Information provided:
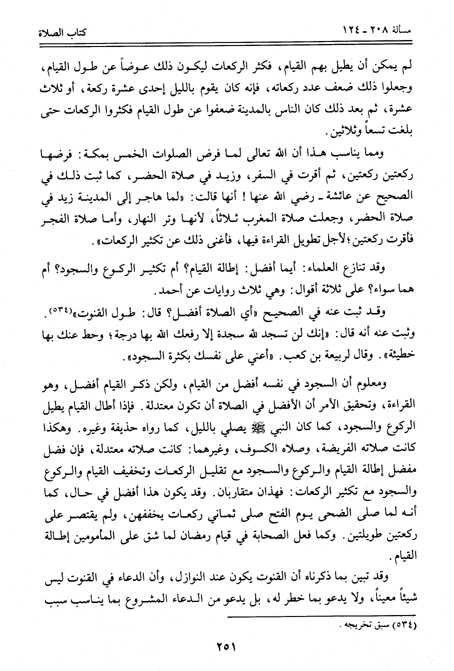 وَمَعْلُومٌ أَنَّ السُّجُودَ فِي نَفْسِهِ أَفْضَلُ مِنْ الْقِيَامِ، وَلَكِنَّ ذِكْرَ الْقِيَامِ أَفْضَلُ، وَهُوَ الْقِرَاءَةُ، وَتَحْقِيقُ الْأَمْرِ أَنَّ الْأَفْضَلَ فِي الصَّلَاةِ أَنْ تَكُونَ مُعْتَدِلَةً. فَإِذَا أَطَالَ الْقِيَامَ يُطِيلُ الرُّكُوعَ وَالسُّجُودَ، كَمَا كَانَ النَّبِيُّ - صَلَّى اللَّهُ عَلَيْهِ وَسَلَّمَ - يُصَلِّي بِاللَّيْلِ، كَمَا رَوَاهُ حُذَيْفَةُ وَغَيْرُهُ. وَهَكَذَا كَانَتْ صَلَاتُهُ الْفَرِيضَةَ، وَصَلَاةُ الْكُسُوفِ، وَغَيْرُهُمَا: كَانَتْ صَلَاتُهُ مُعْتَدِلَةً، فَإِنْ فَضَّلَ مُفَضِّلٌ إطَالَةَ الْقِيَامِ وَالرُّكُوعِ وَالسُّجُودِ مَعَ تَقْلِيلِ الرَّكَعَاتِ وَتَخْفِيفِ الْقِيَامِ وَالرُّكُوعِ وَالسُّجُودِ مَعَ تَكْثِيرِ الرَّكَعَاتِ: فَهَذَانِ مُتَقَارِبَانِ. وَقَدْ يَكُونُ هَذَا أَفْضَلَ فِي حَالٍ، كَمَا أَنَّهُ لَمَّا صَلَّى الضُّحَى يَوْمَ الْفَتْحِ صَلَّى ثَمَانِيَ رَكَعَاتٍ يُخَفِّفُهُنَّ، وَلَمْ يَقْتَصِرْ عَلَى رَكْعَتَيْنِ طَوِيلَتَيْنِ. وَكَمَا فَعَلَ الصَّحَابَةُ فِي قِيَامِ رَمَضَانَ لَمَّا شَقَّ عَلَى الْمَأْمُومِينَ إطَالَةُ الْقِيَامِ.
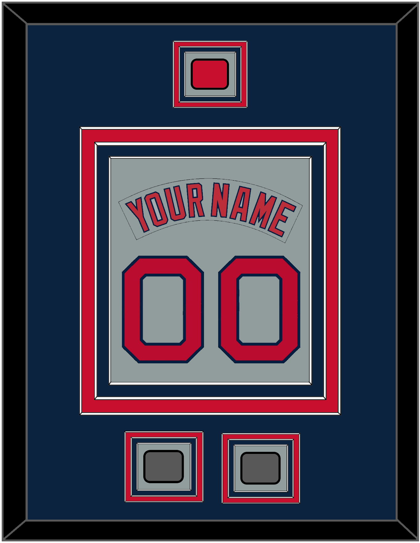Boston Road Gray Jersey (1992 Through 2008) Nameplate & Number (From The Back Of The Jersey) With Logo Patch From Sleeve And Two World Series Champions Patches; 2004 & 2007, 2007 & 2013 Or 2013 & 2018. Triple Mat Cut: Blue Mat Over A Red Mat Over A Blue Mat. Gray Nameplate, Red Number And Patches Mounted On A Gray Mat. White Or Black Frame.
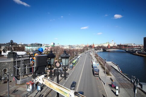 Весенняя промывка и покраска фонарей в рамках традиционного весеннего месячника по благоустройству Москвы.
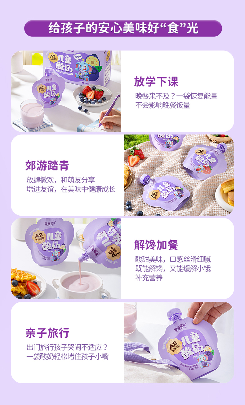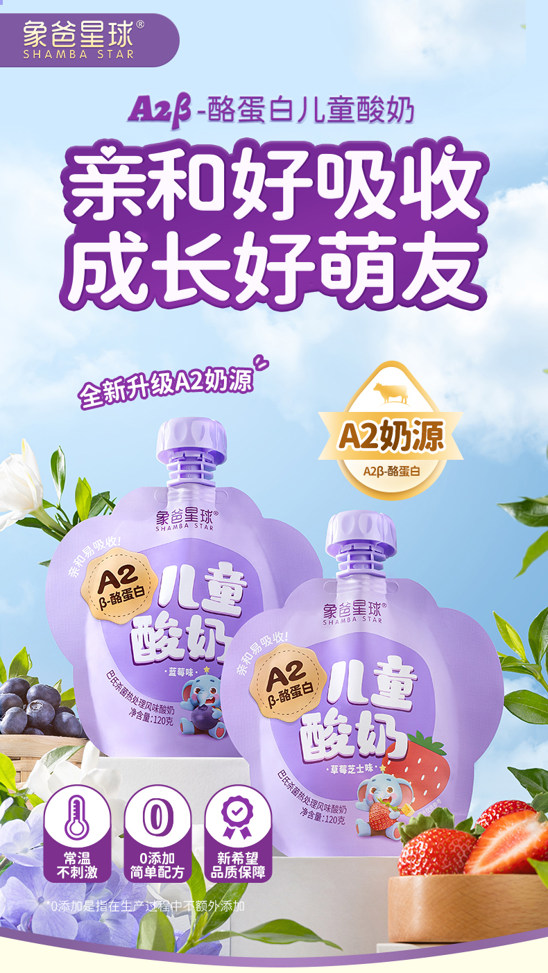 新希望象爸星球A2β-酪蛋白儿童常温果味酸奶10袋 草莓芝士味/蓝莓味 礼袋礼盒随机发 2月生产

Work instructions: Pictures stay out. Copy exactly, and only, the lines from the one containing "Весенняя промывка и" through the end of the data.

Solved exercise:
 Весенняя промывка и покраска фонарей в рамках традиционного весеннего месячника по благоустройству Москвы.
 新希望象爸星球A2β-酪蛋白儿童常温果味酸奶10袋 草莓芝士味/蓝莓味 礼袋礼盒随机发 2月生产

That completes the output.